BEGIN Data below
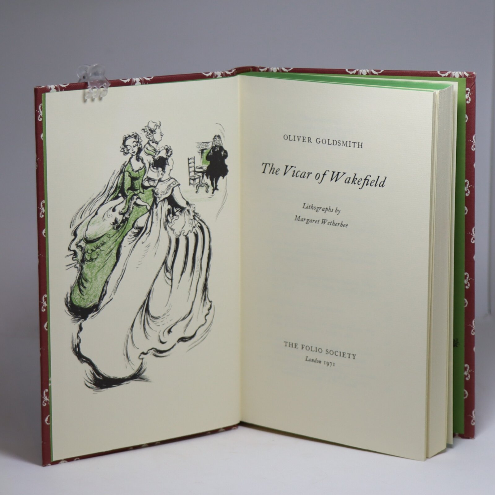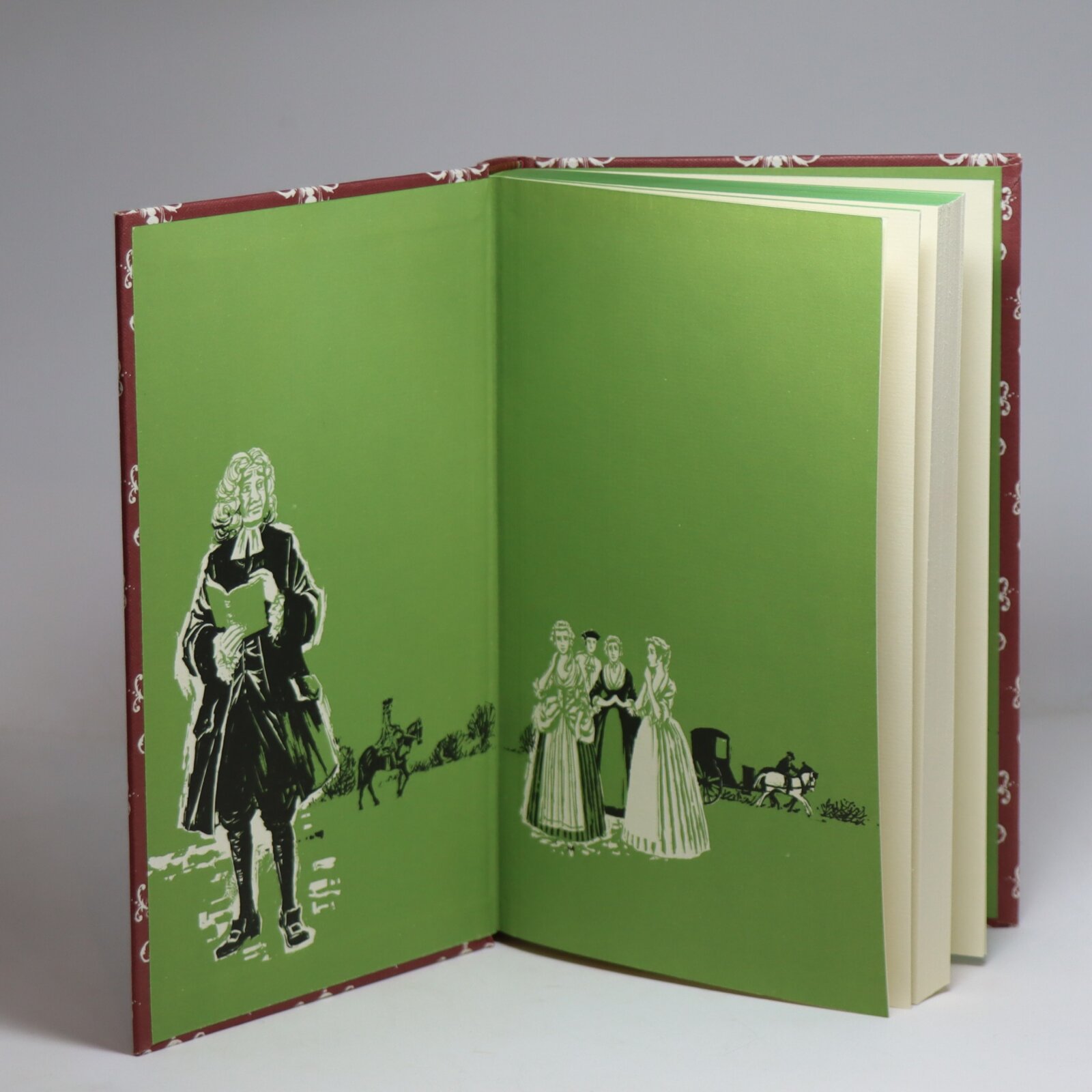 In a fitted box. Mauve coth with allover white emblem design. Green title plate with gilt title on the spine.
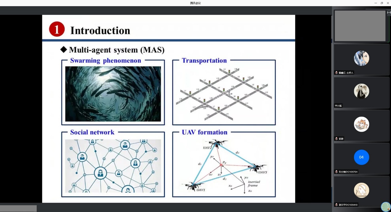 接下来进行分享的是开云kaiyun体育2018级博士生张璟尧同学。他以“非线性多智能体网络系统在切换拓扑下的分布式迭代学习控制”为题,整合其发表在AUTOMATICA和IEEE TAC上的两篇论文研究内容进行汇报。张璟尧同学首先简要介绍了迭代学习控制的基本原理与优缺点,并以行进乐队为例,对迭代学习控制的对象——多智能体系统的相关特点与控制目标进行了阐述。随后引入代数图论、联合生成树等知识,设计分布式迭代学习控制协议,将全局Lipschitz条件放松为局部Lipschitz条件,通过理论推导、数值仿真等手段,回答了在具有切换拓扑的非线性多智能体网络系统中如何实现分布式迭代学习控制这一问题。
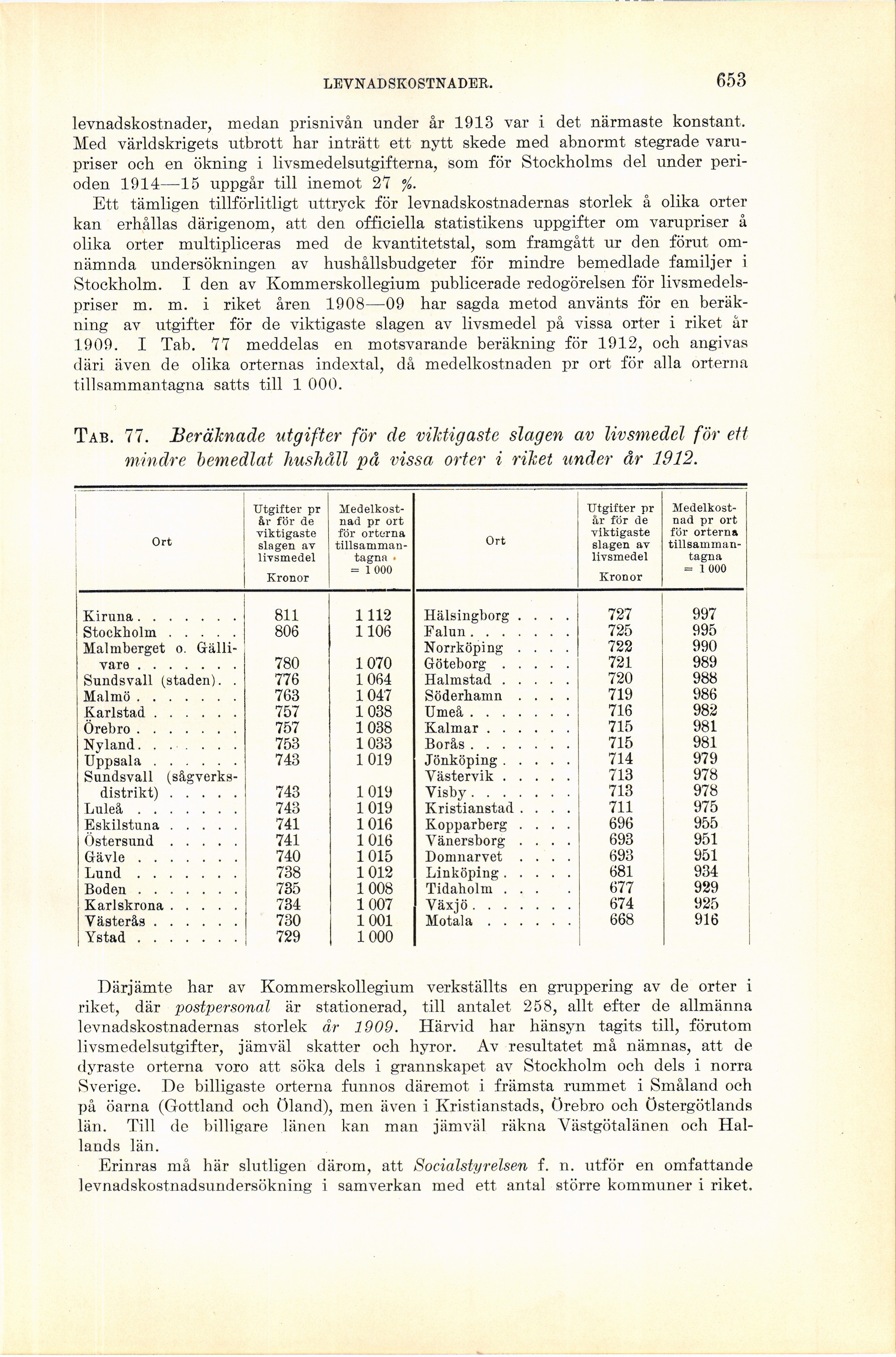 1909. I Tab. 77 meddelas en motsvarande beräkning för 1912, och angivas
END Data below
*Assignment:* Could you write out the whole listing exactly, dropping the pictures?

*Reply:*
 In a fitted box. Mauve coth with allover white emblem design. Green title plate with gilt title on the spine.
 接下来进行分享的是开云kaiyun体育2018级博士生张璟尧同学。他以“非线性多智能体网络系统在切换拓扑下的分布式迭代学习控制”为题,整合其发表在AUTOMATICA和IEEE TAC上的两篇论文研究内容进行汇报。张璟尧同学首先简要介绍了迭代学习控制的基本原理与优缺点,并以行进乐队为例,对迭代学习控制的对象——多智能体系统的相关特点与控制目标进行了阐述。随后引入代数图论、联合生成树等知识,设计分布式迭代学习控制协议,将全局Lipschitz条件放松为局部Lipschitz条件,通过理论推导、数值仿真等手段,回答了在具有切换拓扑的非线性多智能体网络系统中如何实现分布式迭代学习控制这一问题。
 1909. I Tab. 77 meddelas en motsvarande beräkning för 1912, och angivas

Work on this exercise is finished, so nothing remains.